The Affordable Care Act (ACA) continues to be extremely controversial. The legislation has split the medical community, with passionate views on both sides. The challenge for Chicago Medicine is to report fairly on the Act, present both sides, and provide timely information. The last goal is particularly difficult to achieve because of the ever-changing ACA landscape. Despite the inherent risks of controversy, the editors believe the Chicago Medical Society (CMS) is obligated to deal with the Act in a balanced and responsible manner.

The Goals
Most physicians would likely support the goals of the Act: to provide insurance to more individuals at a reasonable price. Certainly, the present system has major coverage gaps.  In Illinois, about 1.7 million, or 13% of the population, is uninsured. Cook County alone has an estimated 855,000 uninsured.

All plans offered through the new Health Insurance Exchanges must cover ten different areas: hospitalization, emergency room, laboratory services, maternity and newborn care, mental health and substance abuse, prescription drugs, rehabilitative services, preventative medicine, ambulatory care, pediatric vision and dental services. In addition, the ACA provides guaranteed coverage and coverage for dependent children up to age 26; it eliminates pre-existing diagnoses, and lifetime and annual limits.

The levels of coverage are based on the actuarial levels of coverage: 90%, 80%, 70% or 60%. When individuals are enrolled onto the exchange, they may become eligible for government assistance. Cost-sharing subsidies are available for individuals with household incomes below 250% of the Federal Poverty Level (FPL). Premium tax credits and out-of-pocket maximum subsidies are available for those with incomes below 400% of the FPL. It has been predicted that the majority of individuals buying insurance through the Exchange would be eligible for some government support.

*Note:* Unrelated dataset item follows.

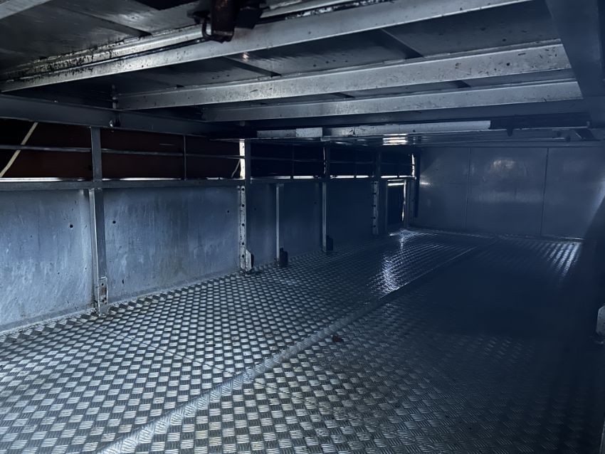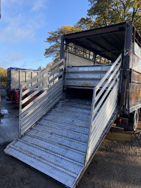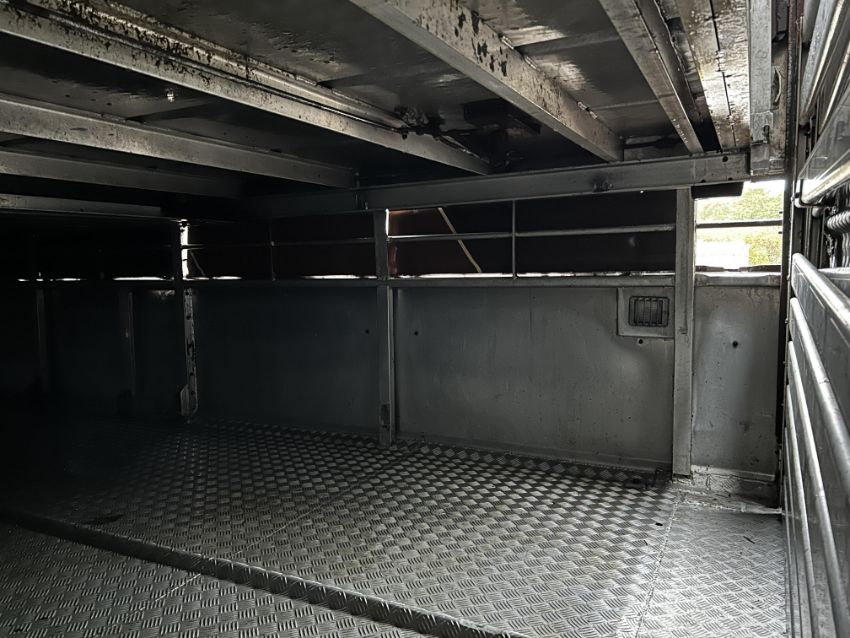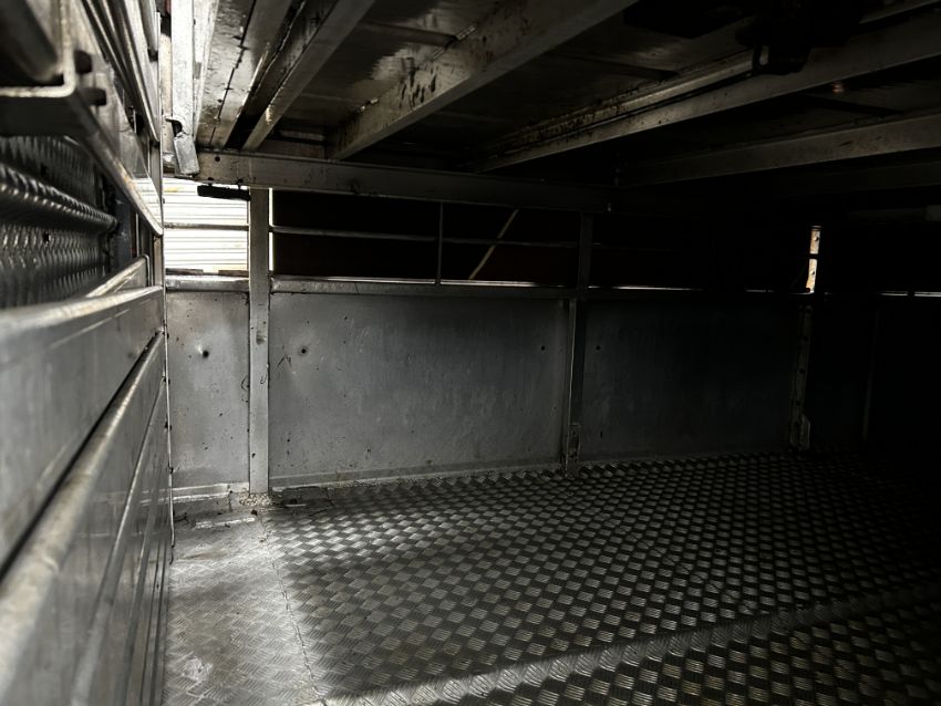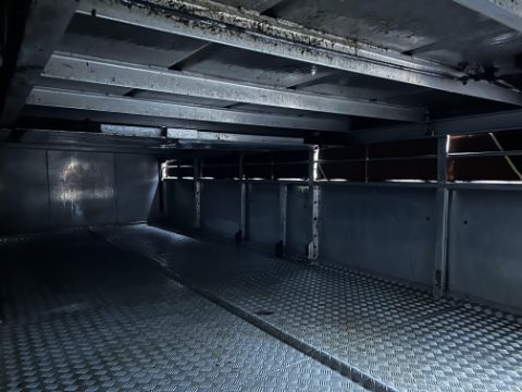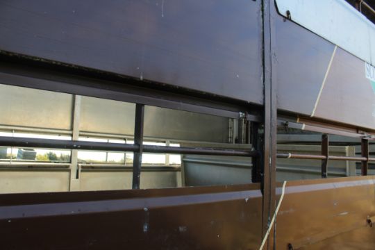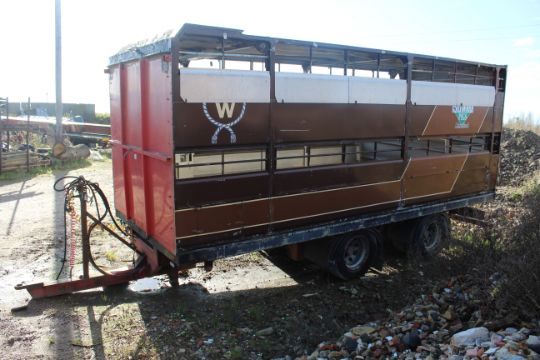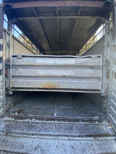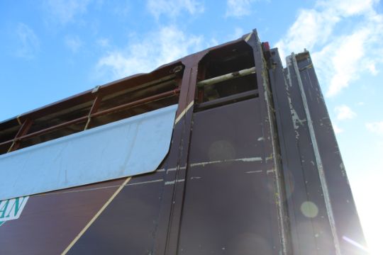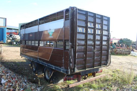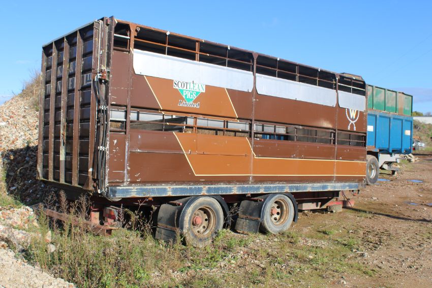Don-Bur 21ft twin axle ex-drag livestock trailer. 1998. With two deck fully lifting body, air suspension and air brakes. Set of mini super single rims and tyres (not fitted). V

The ACA also has a significantly expanded Public Aid component. The Congressional Budget Office predicted that nine million more Americans would be enrolled in Public Aid, with seven million more being privately insured through the exchanges in 2014.

The Challenges
By late October, there were significant challenges to the entire system. The most obvious has been the poorly functioning federal website where individuals from 36 states can apply for coverage. HHS Secretary Kathleen Sebelius has promised an efficient website by the end of November. Some of the 14 state-run exchanges have been operating much more efficiently.

An Oct. 13, 2013, Chicago Tribune analysis of the exchange offerings indicated that coverage may be less affordable than desired. The lowest-priced Cook County plans were reviewed, and 21 out of 22 plans had annual deductibles of at least $4,000 for individuals and $8,000 for families. Certainly, those numbers are not in the reach of most families. However, government assistance may help defray some of the costs.

In addition, the individual insurance policies many Americans currently have are not likely to be available in the future due to the Act's requirements, including mandatory coverage in the ten areas. In fact, the HHS “regulatory impact analysis” indicated that 40-67% of current individual plans would not qualify as permitted plans. As such, literally millions of Americans with individual policies have been getting termination notices, and will likely have to purchase new plans through the exchanges.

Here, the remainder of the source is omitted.